The concept of potential growth and output gap is most often based on the absence of inflationary or disinflationary pressures. However, several factors can lead to a disconnect between price inflation and financial asset prices. Frequently, financial booms coincide with positive supply-side shocks, leading to a drop in prices (lowering inflation). Concurrently, upswings in financial markets lead to an increase in valuations of real assets that in turn reduce financing and supply constraints (collateral effect). Furthermore, buoyant financial markets may sometimes lead to an appreciation of the domestic currency, resulting in lower consumer prices through the import price channel. Finally, accommodative financing conditions may not only spur demand in the short run, but also have persistent effects on the supply side through labour, productivity, or capital accumulation (reverse hysteresis effect), weakening further supply constraints and prices.

The idea behind this paper is to construct output gaps and potential output measures for the euro area underpinned by both macroeconomic relationships and financial variables. For this, we follow two approaches. On the one hand, we include financial information in small Unobserved Components Models (UCM) commonly used to assess FNOG (Figure A, left-hand panel). On the other hand, and this constitutes a novelty of this paper, we elaborate on a richer Unobserved Components Model embedding a production function, as in Tóth (2021) in which we include financial factors (Figure A, right-hand panel).
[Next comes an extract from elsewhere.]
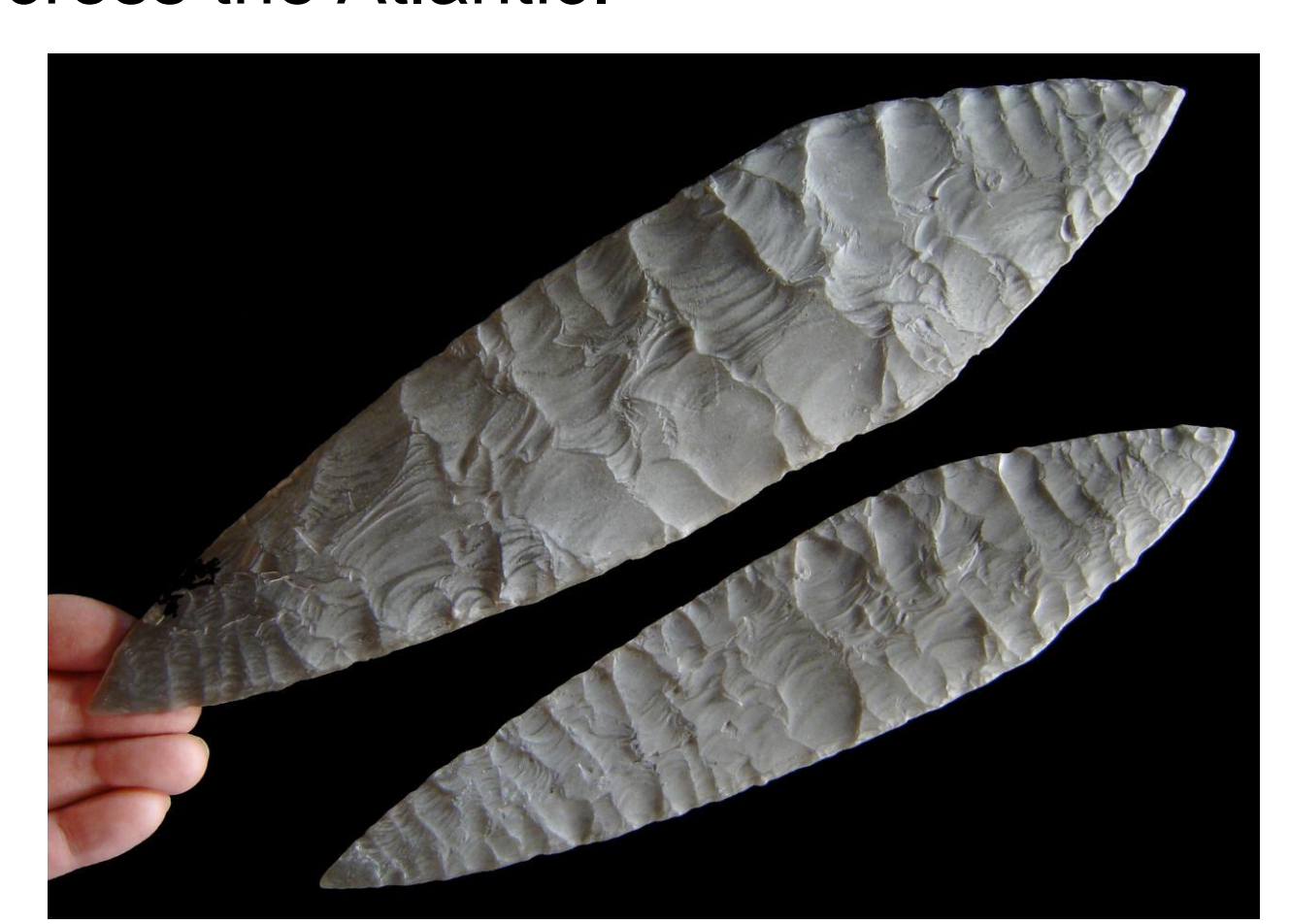
Figure 3. Solutrean Points (LCL 2008a).

It is speculated that the Solutreans of modern day Iberia traveled along the Atlantic ice ridge by walking across ice sheets, and using watercraft made from animal skins that would be similar to the boats that Inuit and other polar peoples used in the past in order to cross the Atlantic.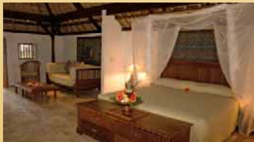
JIMBARAN PURI BALI BALI

This exercise is challenging for at least four reasons. First, the resulting output gaps should track the current narrative on macroeconomic cycles and trends, especially the labour market trends as they are provided in the UCM. Second, we should improve (or at least not worsen) the real time performance of the model. Third, in a central banking context we would like to estimate output gaps with good forecasting ability. Finally, we have to select appropriate financial variables out of a large set of variables, stemming from different sources (national accounts, private providers, etc.).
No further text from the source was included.